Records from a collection
⁂
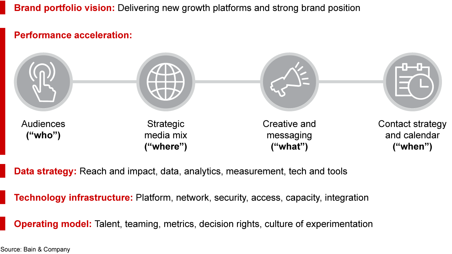 - How do I deliver best-in-class performance marketing? The consumer journey has fundamentally changed, and so has the role of the brand manager. Once guardians of the brief to agencies, today they must lead hands-on content generation, data management, and real-time test-and-learn efforts to redefine the “who, where, what, when” of marketing at a much greater speed. The change management challenge is profound, requiring a strategic reallocation of spending and a reorganization of the operating model, while at the same time driving immediate results with improved in-market execution. One global consumer products company used this approach to increase online sales 15% above plan in-year in a major market, while designing the operating model and transition plan to expand its shopper-led digital marketing capabilities globally. Another leading global brand built the overall test-for-results capability to implement match-market A/B/C testing of media mix, visuals, activation, and timing across online and offline sales, resulting in 15% ROI acceleration across the business in-year.
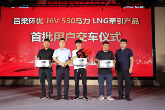 ▲一汽解放銷售公司副總經理霍明為J6V 530馬力LNG牽引車客戶頒發交車鑰匙
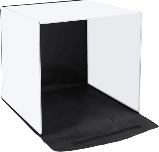 De unieke constructie van de tent elimineert het stroboscopisch effect en zorgt voor hoogwaardige verlichting zonder schaduwen. Bovendien vind je in de set een kleurrijke set fotografische achtergronden waarmee je de opname kunt afstemmen op het specifieke object. De bovenste opening maakt fotograferen van bovenaf mogelijk.
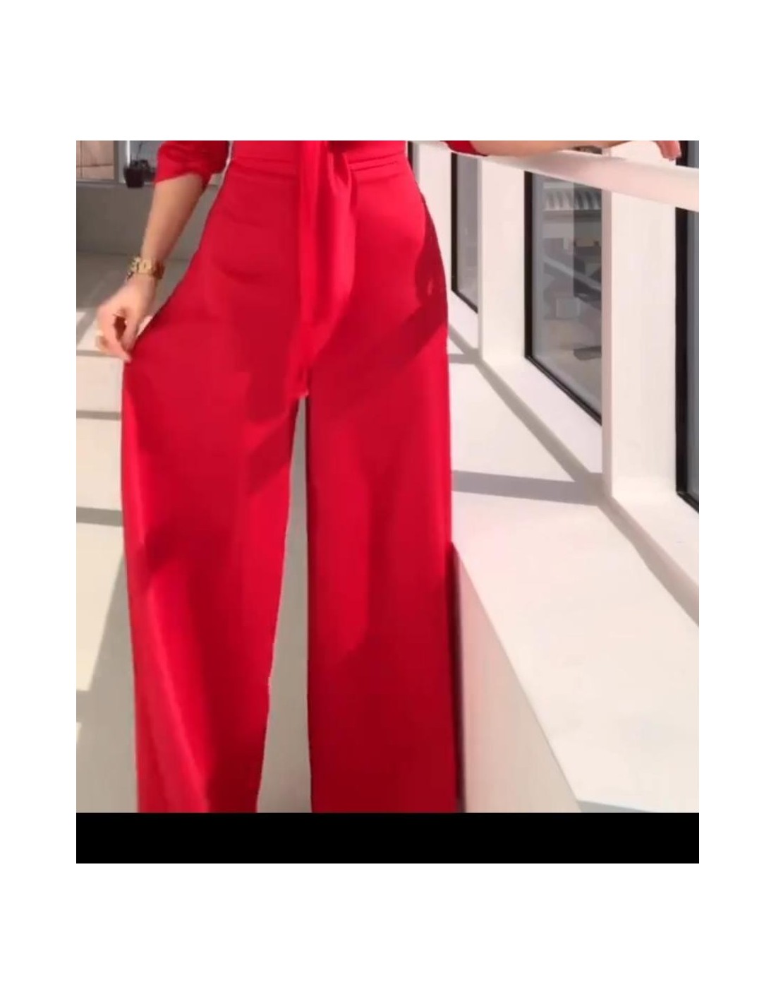 Pantalón blanco de licra estilo palazzo, con una silueta amplia y líneas en la parte de la cintura que aportan un toque moderno y elegante. Ideal para ocasiones casuales o semi-formales.
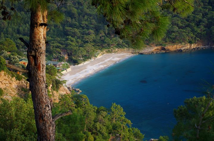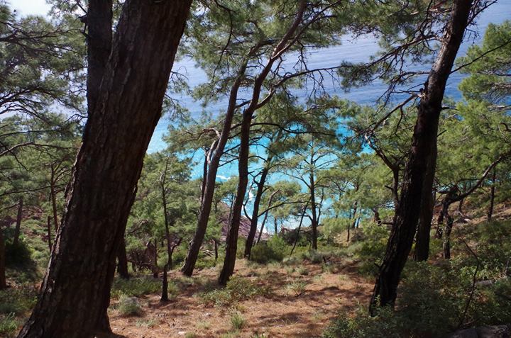 Bir anda kendimi ormanın içinde buluverdim. Arıların ve kuşların sesi ormanın içerisinde yankılanıyor. Çıt yok. Tarifsiz bir güzellik var. Patika boyu bazı yerlerde manzara o kadar güzel ki, sindirebilmek için durup birkaç dakika izliyorum ve yürümeye öyle devam ediyorum. Ormanın içerisinden aşağı doğru denize bakıyorum. Çam ağaçlarının arasında turkuaz rengi bir koy ışıl ışıl parıldıyor.
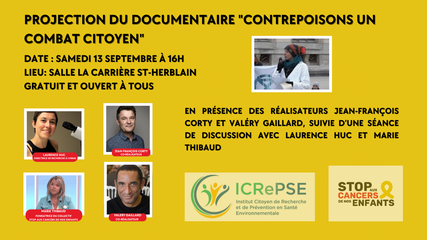 → Projection / débat du film documentaire CONTREPOISONS – Un combat citoyen, organisée à la salle de La Carrière à Saint-Herblain, en présence des réalisateurs, d’acteurs, de scientifiques et de familles, favorisant l’échange et la réflexion collective.
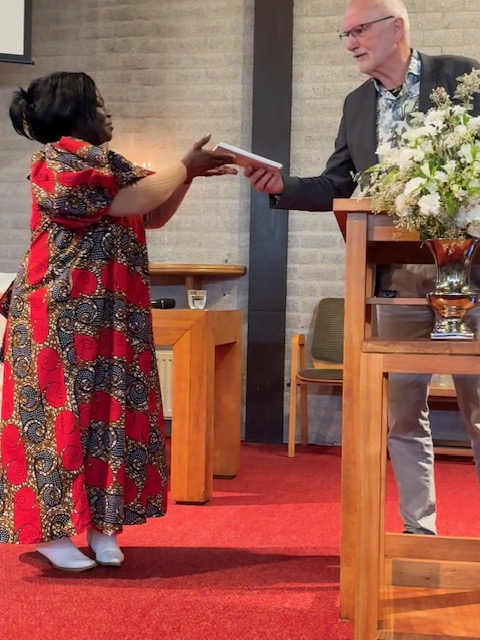 Veertien dagen later werd Françoise Sabuni Chikunda (54) als lid opgenomen in de Adventkerk Leeuwarden. Afkomstig uit Congo heeft zij zeer moeilijke jaren in diverse vluchtelingenkampen moeten doorstaan. Jaren van geweld en oorlog liggen achter haar. Zelf heeft ze de sabbat vanuit de Bijbel leren kennen, en ze is een blijmoedig christen. Ze is een aantal jaren geleden in een vluchtelingenkamp in Uganda gedoopt. Sabuni (woonachtig in Hallum) ontving uit handen van ouderling Herman het boekje ‘Buig niet’ van Ad van Nieuwpoort. Een boeket bloemen was al eerder gegeven. Na opname sprak ze haar blijdschap en dankbaarheid uit naar de gemeente.
⁂
ABOUT THIS TASK: Leave the pictures out, and restate exactly the lines from the start of the records through the one that contains "Pantalón blanco de".

COMPLETED EXERCISE:
 - How do I deliver best-in-class performance marketing? The consumer journey has fundamentally changed, and so has the role of the brand manager. Once guardians of the brief to agencies, today they must lead hands-on content generation, data management, and real-time test-and-learn efforts to redefine the “who, where, what, when” of marketing at a much greater speed. The change management challenge is profound, requiring a strategic reallocation of spending and a reorganization of the operating model, while at the same time driving immediate results with improved in-market execution. One global consumer products company used this approach to increase online sales 15% above plan in-year in a major market, while designing the operating model and transition plan to expand its shopper-led digital marketing capabilities globally. Another leading global brand built the overall test-for-results capability to implement match-market A/B/C testing of media mix, visuals, activation, and timing across online and offline sales, resulting in 15% ROI acceleration across the business in-year.
 ▲一汽解放銷售公司副總經理霍明為J6V 530馬力LNG牽引車客戶頒發交車鑰匙
 De unieke constructie van de tent elimineert het stroboscopisch effect en zorgt voor hoogwaardige verlichting zonder schaduwen. Bovendien vind je in de set een kleurrijke set fotografische achtergronden waarmee je de opname kunt afstemmen op het specifieke object. De bovenste opening maakt fotograferen van bovenaf mogelijk.
 Pantalón blanco de licra estilo palazzo, con una silueta amplia y líneas en la parte de la cintura que aportan un toque moderno y elegante. Ideal para ocasiones casuales o semi-formales.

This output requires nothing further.